Ligaza łączy fragmenty Okazaki na nici opóźnionej.
Polimeraza DNA I- nukleaza. Usuwa startery RNA dzięki aktywności egzonukleazowej 5’->3’
Wypełnia d-nukleotydami miejce po rozłożonym starterze RNA, dzięki aktywności polimerazowej
Polimeraza DNA II- ma funkcje kontrolną i naprawczą razem z polim. DNA I usuwają błędnie przyłączone d-nukleotydy
Topoizomeraza II-umożliwia rozdzielenie kolistych cząsteczek DNA połączonych jak ogniwa łańcucha do replikacji
Telomeraza- umozliwia replikacje końców chromosomów eukariotycznych, dodaje na końcach chromosomów kopie tych samych telomerów.
Rekombinacja
Sekwencje DNA chromosomów mogą ulegać rearanżacjom-przegrupowaniu
Przyczyną jest grupa mechanizmów tzw rekombinacja genetyczna.

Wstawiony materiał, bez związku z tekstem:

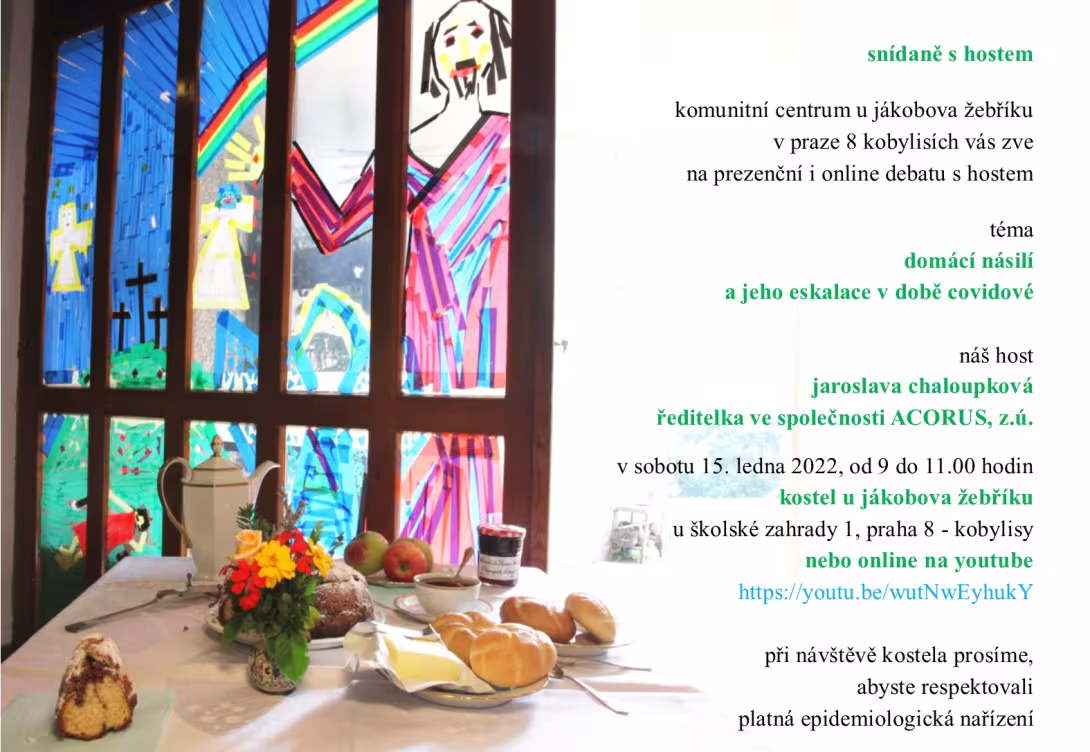 Milé sestry a bratři. Komunitní centrum U Jákobova žebříku v Praze 8 Kobylisích Vás zve na debatu s ředitelkou společnosti Acorus Jaroslavou Chaloupkovou. Debatovat budeme na téma "Domácí násilí a jeho eskalace v době covidové". Pozvánku najdete v příloze a budeme moc rádi, když ji předáte svým kamarádům a známým. Snídaně je otevřená všem, rádi Vás přivítáme buď u nás v kostele v Praze 8 Kobylisích, nebo Vás vzdálenější ONLINE na YouTube, kde můžete také klást písemné dotazy. Snídaně s hostem Jaroslavou Chaloupkovou KDY: v sobotu 15. ledna 2022 V KOLIK: od 9 do 11 hodin KDE: v Kostele U Jákobova žebříku, Praha 8, Kobylisy, U Školské zahrady 1 NEBO TÉŽ přenášená ONLINE zde: https://youtu.be/wutNwEyhukY Přineste si, jak je naším zvykem, něco k snídani, nebo snídejte doma v klidu u počítače. V kostele se společně o jídlo rozdělíme, káva, čaj a mléko budou k dispozici. Při návštěvě kostela prosíme, abyste respektovali platná epidemiologická nařízení. Ve vzdálených sborech se můžete třeba sejít a snídat a sledovat debatu společně online. Těšíme se na vás, ať už v kostele nebo online. Jitka Boučková Komunitní centrum U Jákobova žebříku

Takie zmiany w genomach komórek są przyczyną zmienności genetycznej i ewolucji gatunków
Rekombinacja homologiczna jest podstawowym mechanizmem zmienności:
Zachodzi między 2 cząsteczkami DNA o podobnych sekwencjach nukleotydów. Na skutek zerwania i ponownego połącznia 2 homologicznych dwuniciowych cząsteczek DNA w crossing-over odtwarzają się dwie dwuniciowe helisy złożone z części pochodzących od 2 różnych cząsteczek DNA.